══ Source records ══

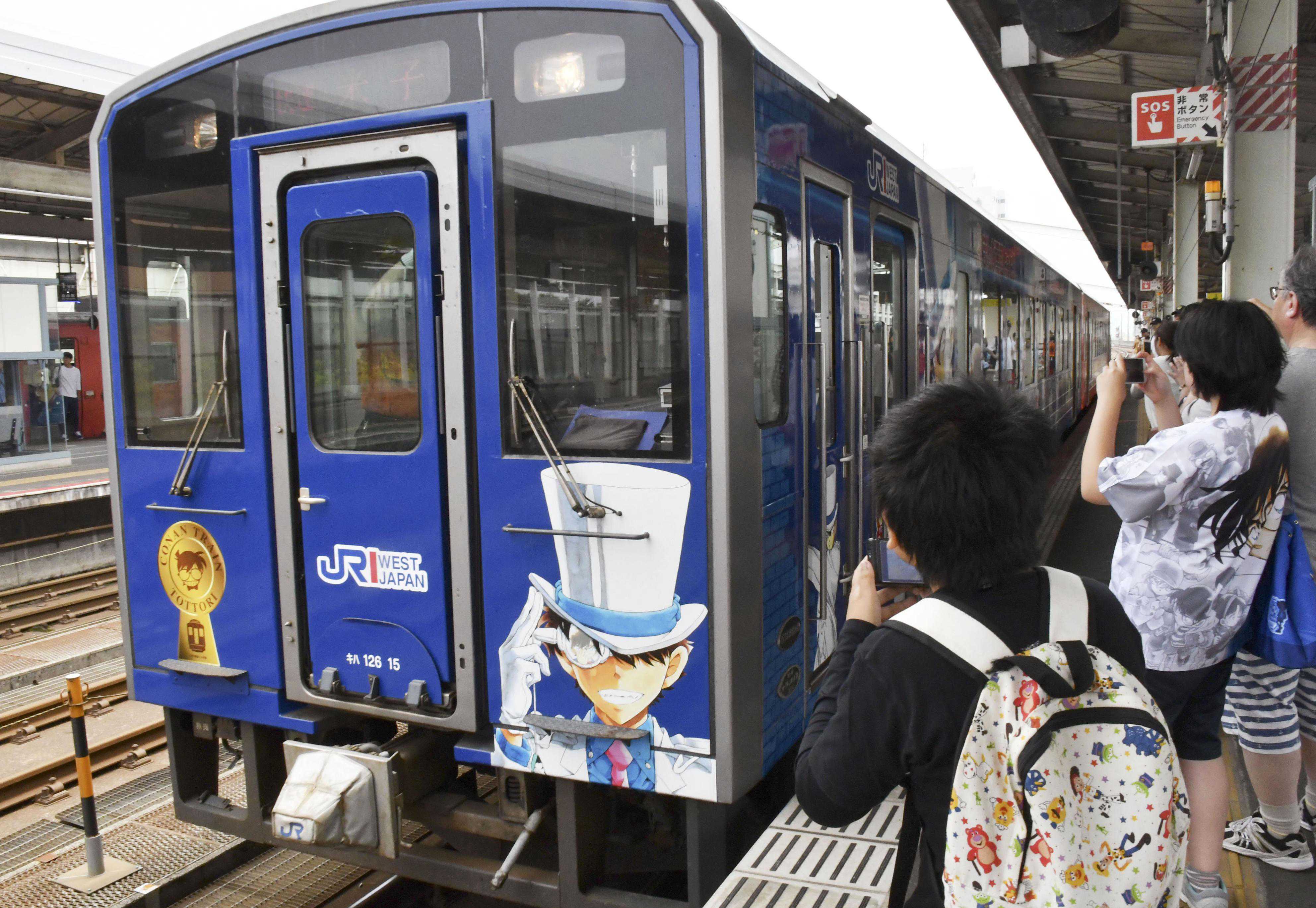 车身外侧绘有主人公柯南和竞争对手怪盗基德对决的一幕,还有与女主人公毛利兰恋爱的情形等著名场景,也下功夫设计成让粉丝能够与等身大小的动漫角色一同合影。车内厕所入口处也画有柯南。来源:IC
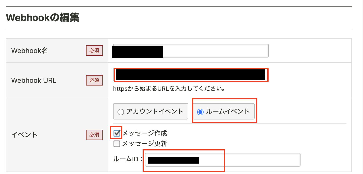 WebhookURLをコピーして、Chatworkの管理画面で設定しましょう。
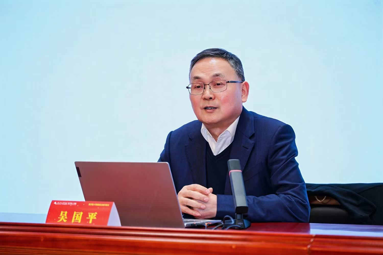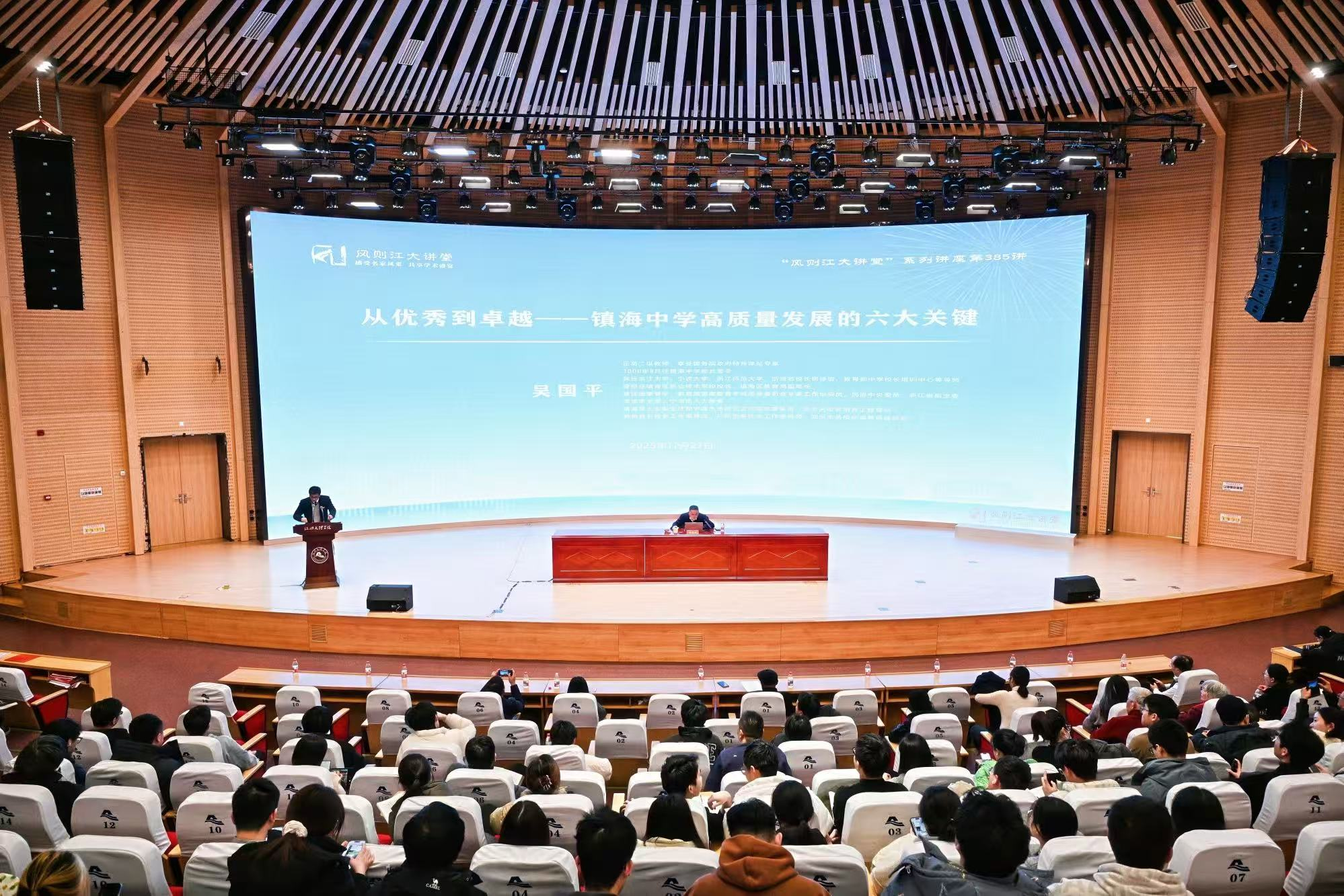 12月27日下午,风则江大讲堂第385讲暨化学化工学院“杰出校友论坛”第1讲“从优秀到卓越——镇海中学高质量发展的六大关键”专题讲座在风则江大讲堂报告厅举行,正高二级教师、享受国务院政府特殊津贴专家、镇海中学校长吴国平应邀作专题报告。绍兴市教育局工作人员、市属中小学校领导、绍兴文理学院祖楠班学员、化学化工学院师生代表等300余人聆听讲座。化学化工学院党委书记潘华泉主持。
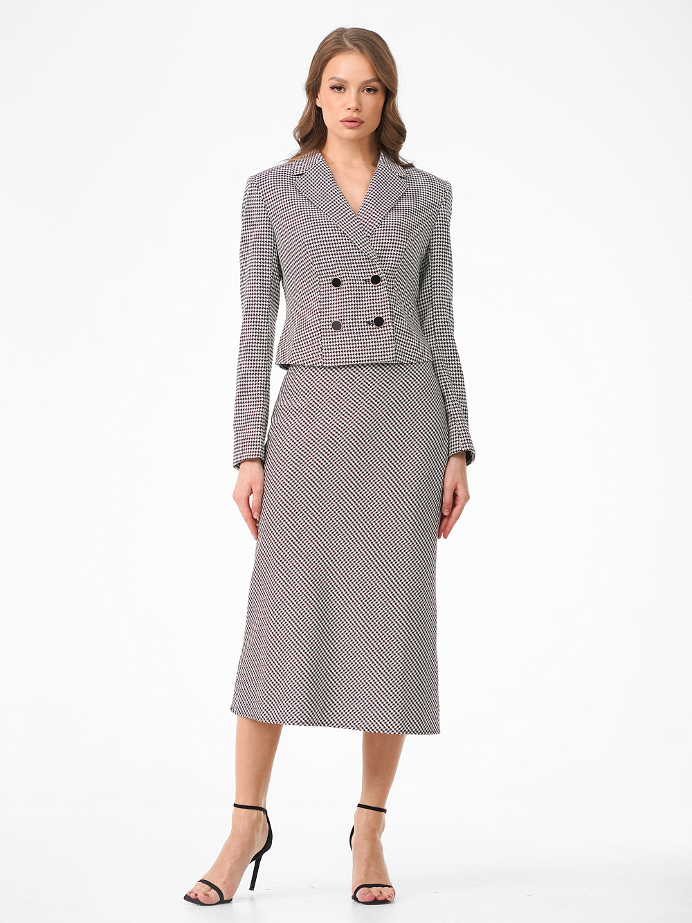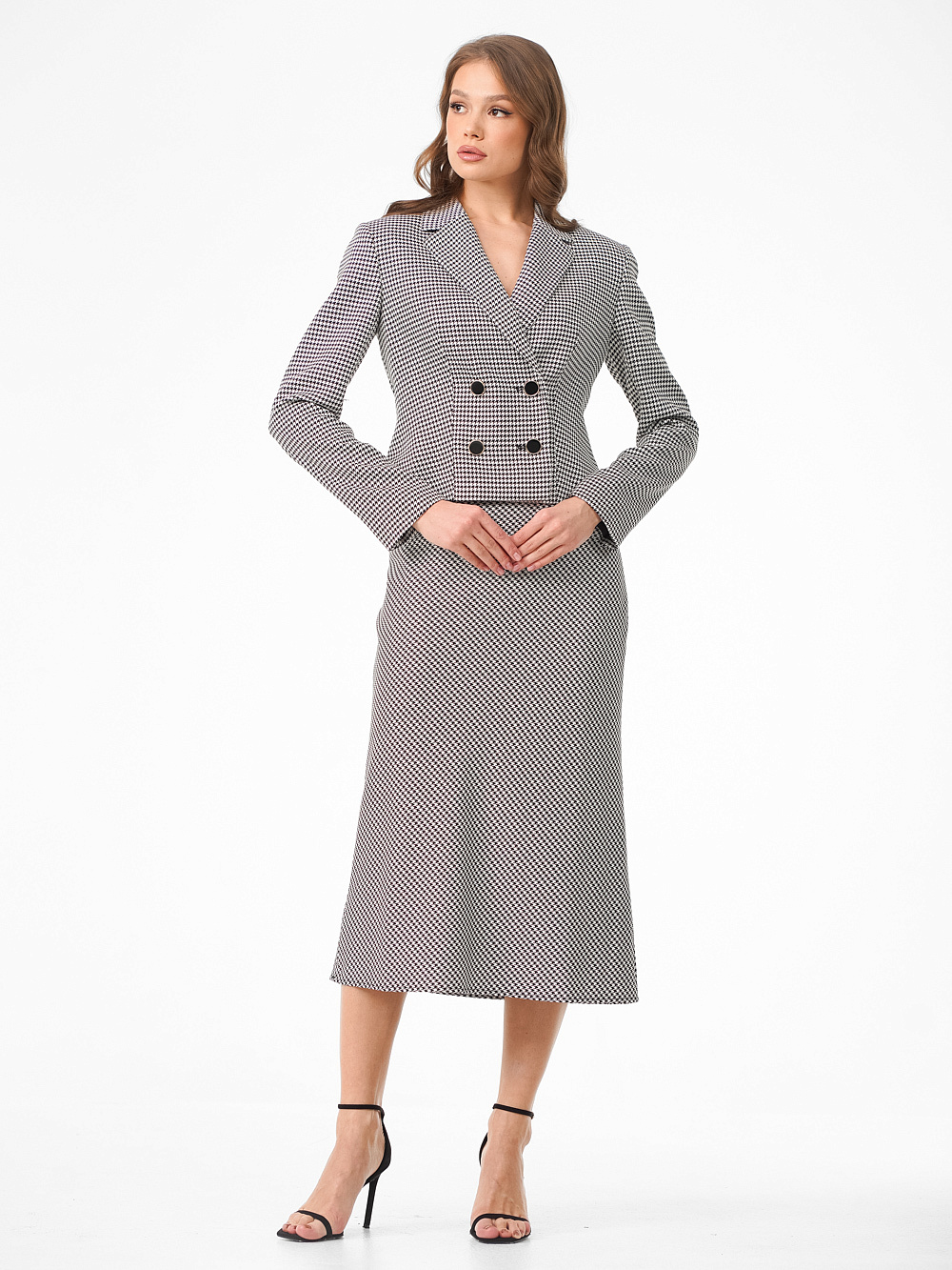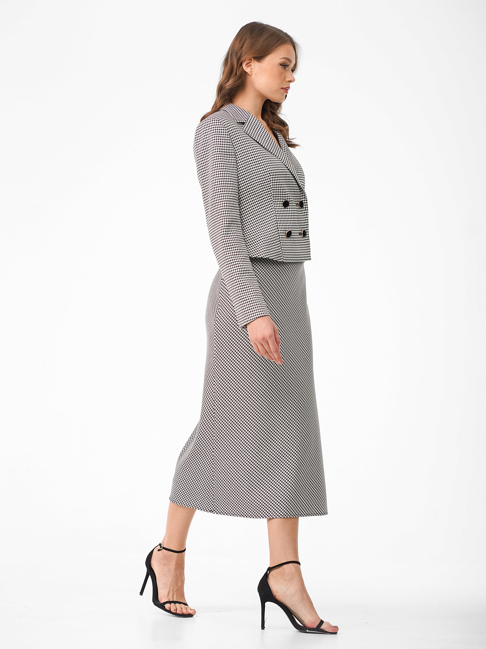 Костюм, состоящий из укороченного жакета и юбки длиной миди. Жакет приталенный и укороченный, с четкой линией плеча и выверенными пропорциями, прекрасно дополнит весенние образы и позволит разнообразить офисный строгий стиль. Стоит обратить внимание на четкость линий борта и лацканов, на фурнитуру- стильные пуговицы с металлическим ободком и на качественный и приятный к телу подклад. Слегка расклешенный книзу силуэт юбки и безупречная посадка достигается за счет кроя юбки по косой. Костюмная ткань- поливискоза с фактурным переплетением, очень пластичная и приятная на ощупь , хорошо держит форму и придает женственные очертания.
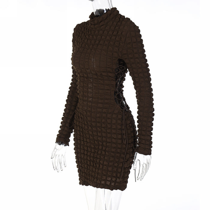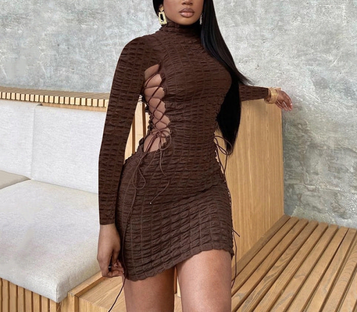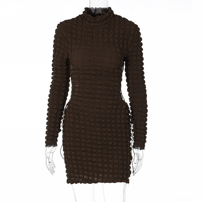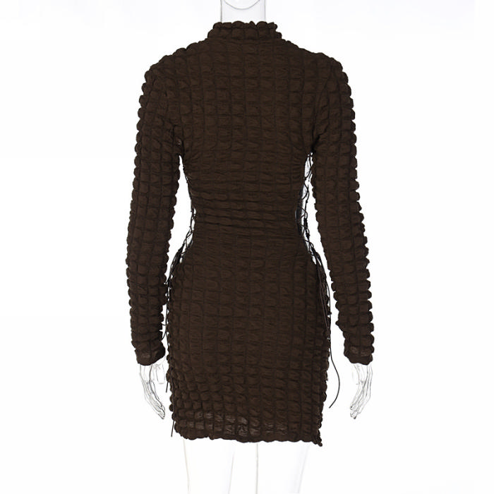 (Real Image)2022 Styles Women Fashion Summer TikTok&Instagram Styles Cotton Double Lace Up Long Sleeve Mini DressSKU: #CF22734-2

═══

→ Problem details:
Exactly as written, repeat the lines from the beginning of the entries up to and including the line with "12月27日下午,风则江大讲", but not the pictures.

→ Answer to the problem:
 车身外侧绘有主人公柯南和竞争对手怪盗基德对决的一幕,还有与女主人公毛利兰恋爱的情形等著名场景,也下功夫设计成让粉丝能够与等身大小的动漫角色一同合影。车内厕所入口处也画有柯南。来源:IC
 WebhookURLをコピーして、Chatworkの管理画面で設定しましょう。
 12月27日下午,风则江大讲堂第385讲暨化学化工学院“杰出校友论坛”第1讲“从优秀到卓越——镇海中学高质量发展的六大关键”专题讲座在风则江大讲堂报告厅举行,正高二级教师、享受国务院政府特殊津贴专家、镇海中学校长吴国平应邀作专题报告。绍兴市教育局工作人员、市属中小学校领导、绍兴文理学院祖楠班学员、化学化工学院师生代表等300余人聆听讲座。化学化工学院党委书记潘华泉主持。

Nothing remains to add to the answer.